# Convergence of prime zeta function for $\mathfrak R(s)=1$?

By doing some estimates for the partial sums of the Prime zeta function $P(s)=\sum_p p^{-s}$ for $\mathfrak R(s)=1$ I got that $P(1+i\alpha)$ converges for every $\alpha\neq0$... Since I did not encounter a source mentioning that it converges for these values of $s$, I thought something went wrong.

Question. Is it true that $P(1+i\alpha)$ converges for $\alpha\neq0$? If not, where's the mistake in the proof below?

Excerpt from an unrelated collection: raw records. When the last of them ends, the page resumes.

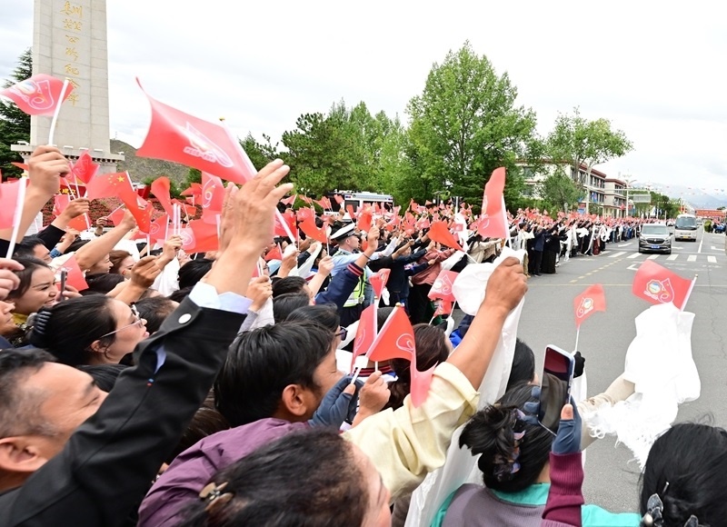8月20日中午,中共中央總書記、國家主席、中央軍委主席習近平率中央代表團乘專機抵達拉薩,出席西藏自治區(qū)成立60周年慶?;顒?。習近平等從機場乘車到住地途中,各族群眾在街道兩旁熱情歡迎。
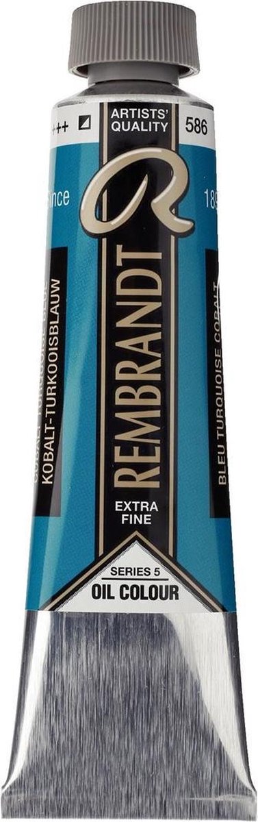 De professionele olieverf van Rembrandt is een superieure verf die met zorg in Nederland wordt samengesteld uit de beste grondstoffen. Het assortiment bestaat uit levendige, intense kleuren in elke gewenste dekkingsgraad. De fijngemalen pigmenten zijn zeer geconcentreerd voor optimale kleurkracht. Rembrandt verf biedt de hoogste lichtechtheids- en duurzaamheidsgraad. Kobaltturkooisblauw (586). Tube 40 ml.
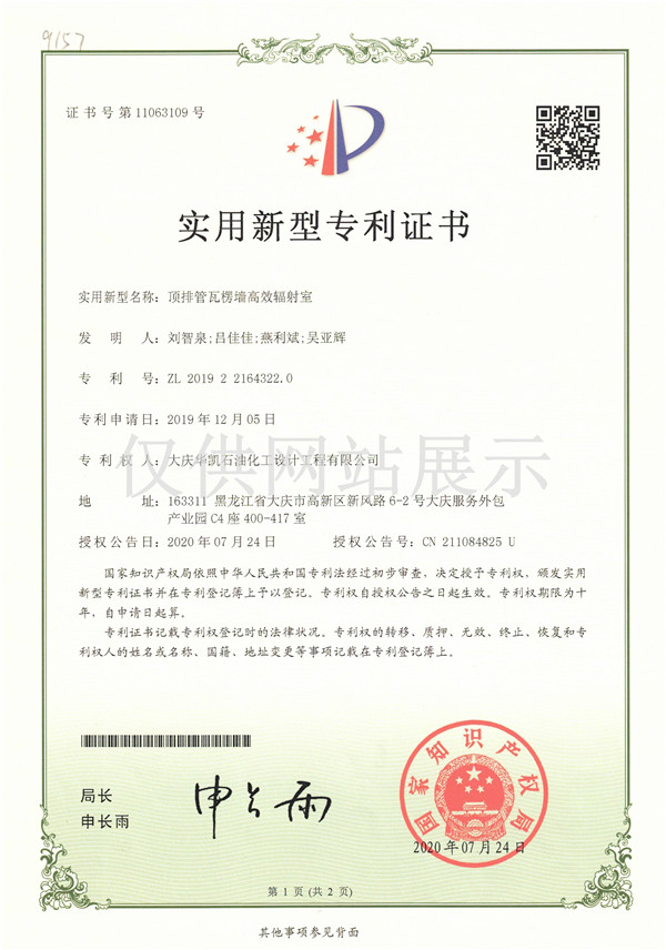 頂排管瓦楞墻**輻射室
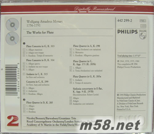 莫扎特長(zhǎng)笛作品THE WORKS FOR FLUTE(PHILIPS系列老版)專(zhuān)輯背面圖片
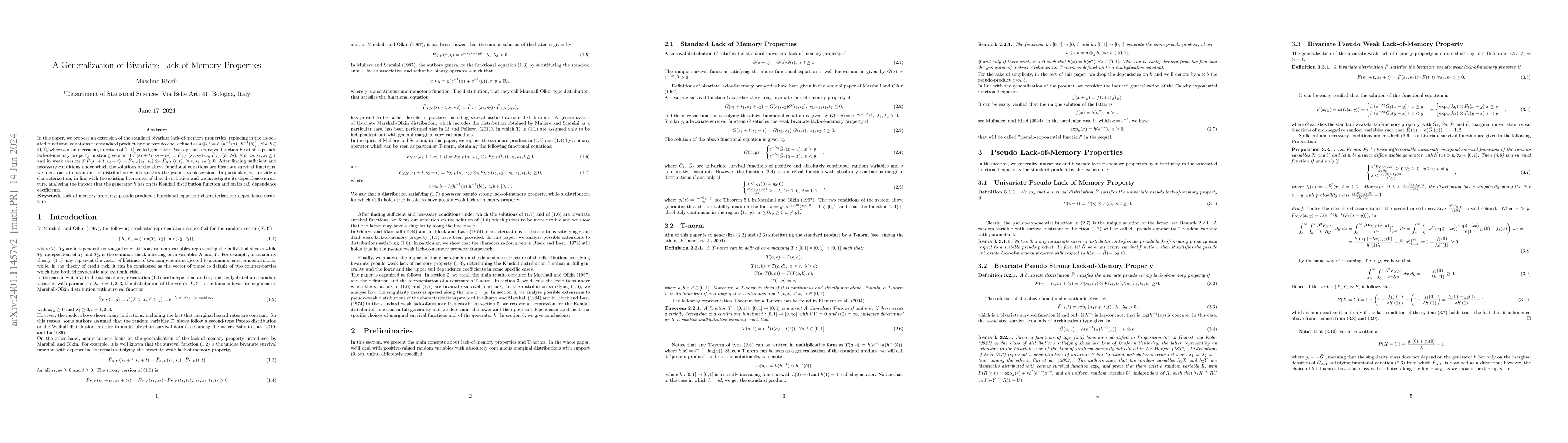 In this paper, we propose an extension of the standard strong and weak lack-of-memory properties. We say that the survival function $\bar{F}$ of the vector $(X,Y)$ satisfies pseudo lack-of-memory property in strong version if \begin{equation} \label{strong}\bar F_{X,Y}(s_1+t_1,s_2+t_2)=\bar F_{X,Y}(s_1,s_2)\otimes_h\bar F_{X,Y}(t_1,t_2), \ t_1,t_2,s_1,s_2 \geq 0 \end{equation} and in weak version if \begin{equation}\label{weak}\bar F_{X,Y}(s_1+t,s_2+t)=\bar F_{X,Y}(s_1,s_2)\otimes_h\bar F_{X,Y}(t,t), \ s_1,s_2,t \geq 0\end{equation} with $a\otimes_hb=h\left (h^{-1}(a)\cdot h^{-1}(b)\right )$, where $h$ is an increasing bijection of $[0,1]$, called generator. After finding sufficient conditions under which the solutions of the above functional equations are bivariate survival functions, we focus on distributions satisfying the latter: we study specific properties in comparison with standard lack-of-memory property and we give a characterization in terms of the random variables $\min(X,Y)$ and $ X -Y$. Finally, we investigate the induced dependence structure, determining their singularity in full generality and studying the upper and lower dependence coefficients for some specific choices of the marginal survival functions and of the generator $h$.
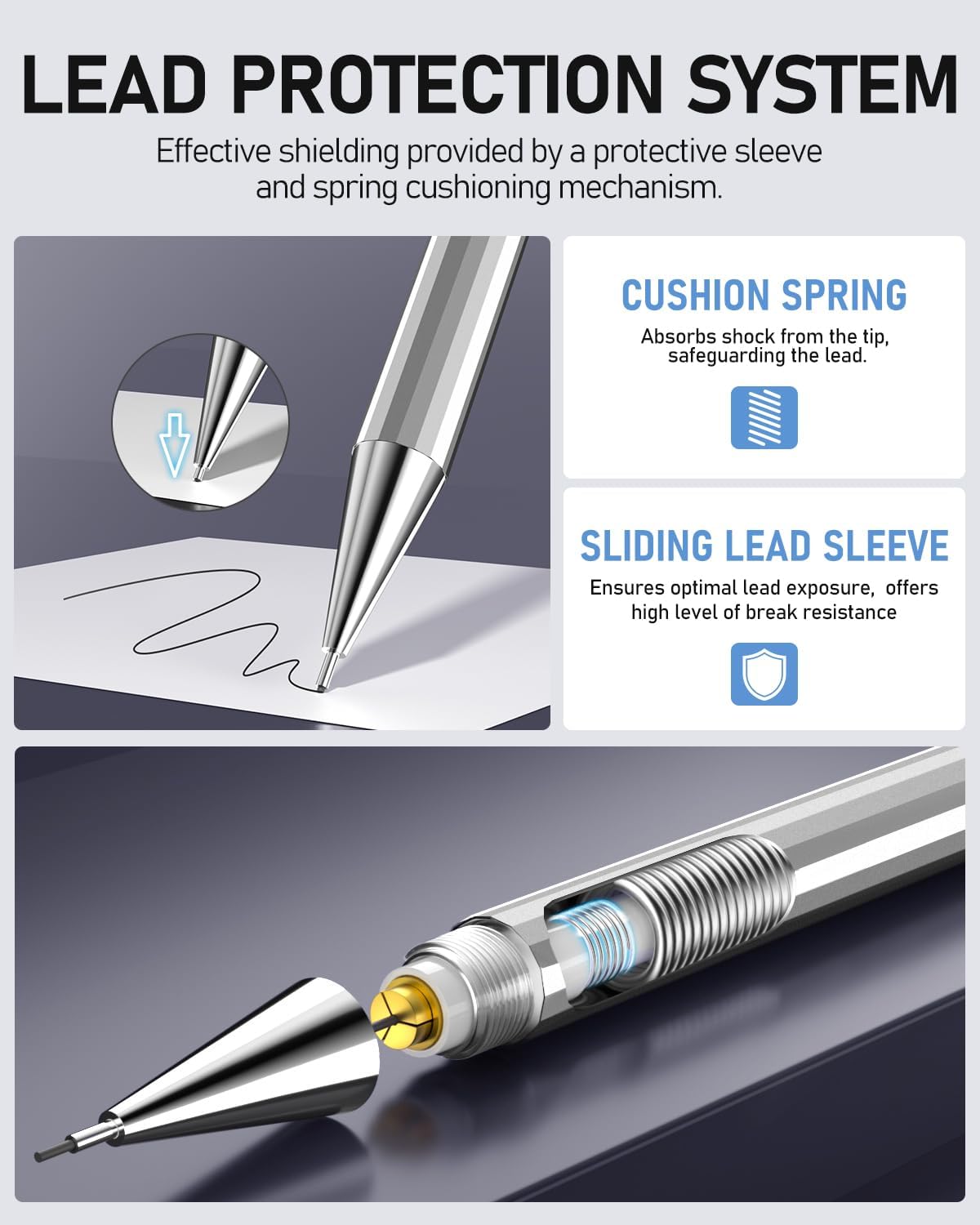 - Metal Mechanical Pencil: The smooth barrel of the mechanical writing pencil has a comfortable feel, and the metal body provides the ideal weight balance for more efficient and fatigue-free writing and drawing
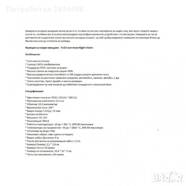 С тази камера можете да видите какво се случва зад автомобила, което е много полезно при паркиране и за избягване на инциденти. Тази камера за задно виждане е идеална за всички превозни средства и ще направи шофирането и паркирането по-безопасно и по-удобно.
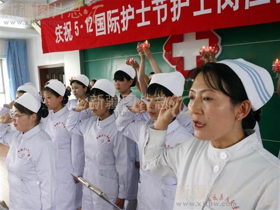 2008年5月12日,新疆阿克苏地区拜城县人民医院的护士在护士授帽仪式上宣誓。当天,该院举行“5·12”国际护士节纪念活动。医务工作者通过岗位技能竞赛等活动庆祝自己的节日。
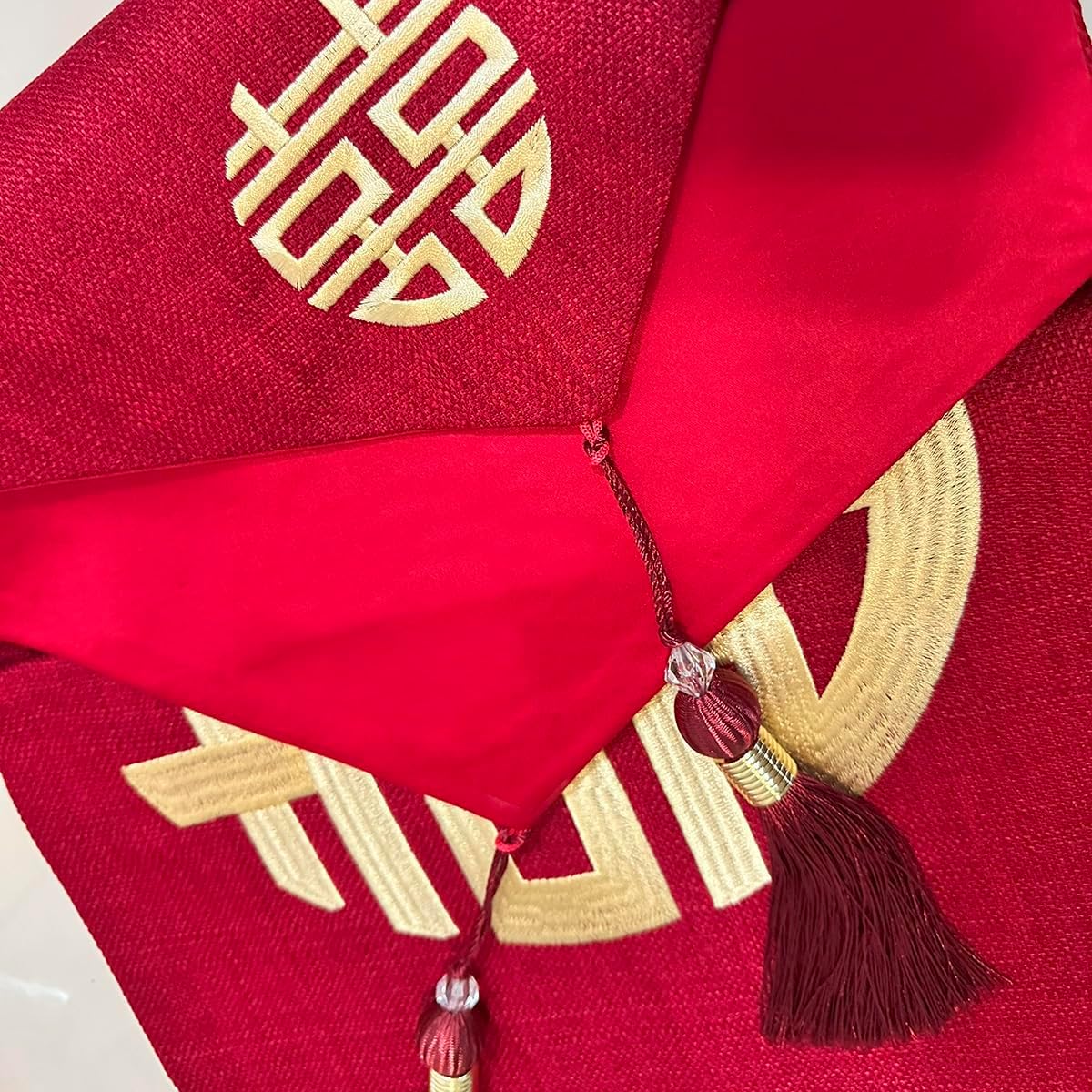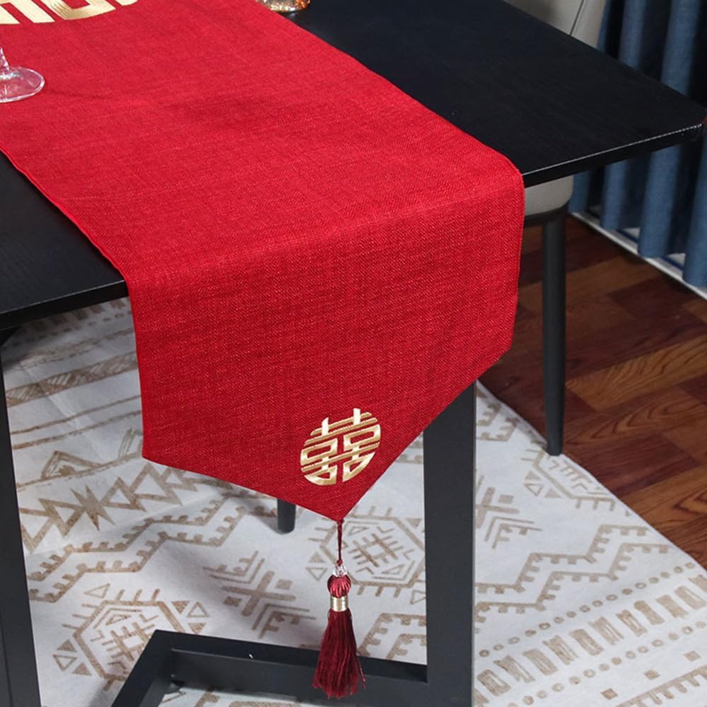 • Classic Chinese Elegance: This table runner featuring the gold "Double Happiness" embroidery, a symbol of joy and marital bliss in Chinese culture. Its rich red color and detailed design add a touch of traditional elegance to any wedding or festive occasion

Let $S_\alpha(x)=\sum_{p\leq x}p^{-1-i\alpha}$. Using Abel's summation formula and the PNT in the form $\pi(x)=\frac x{\log x}+O(\frac x{\log^2 x})$ we have

\begin{aligned}S_\alpha(x)&=\pi(x)x^{-1-i\alpha} +(1+i\alpha)\int_2^x\pi(t)t^{-2-i\alpha}dt\\ &=O(1/\log x)+(1+i\alpha)\color{blue}{\int_2^xt^{-2-i\alpha}\left(\pi(t)-\frac t{\log t} \right )dt}+(1+i\alpha)\color{darkred}{\int_2^x\frac{t^{-1-i\alpha}}{\log t}dt}\end{aligned}

The first integral converges to $\color{blue}{\int_2^\color{red}\infty t^{-2-i\alpha}\left(\pi(t)-\frac t{\log t} \right )dt}$ with error term $\int_x^\infty t^{-2-i\alpha}\left(\pi(t)-\frac t{\log t} \right )dt=\int_x^\infty O(\frac1{t\log^2t})=O(1/\log x)$.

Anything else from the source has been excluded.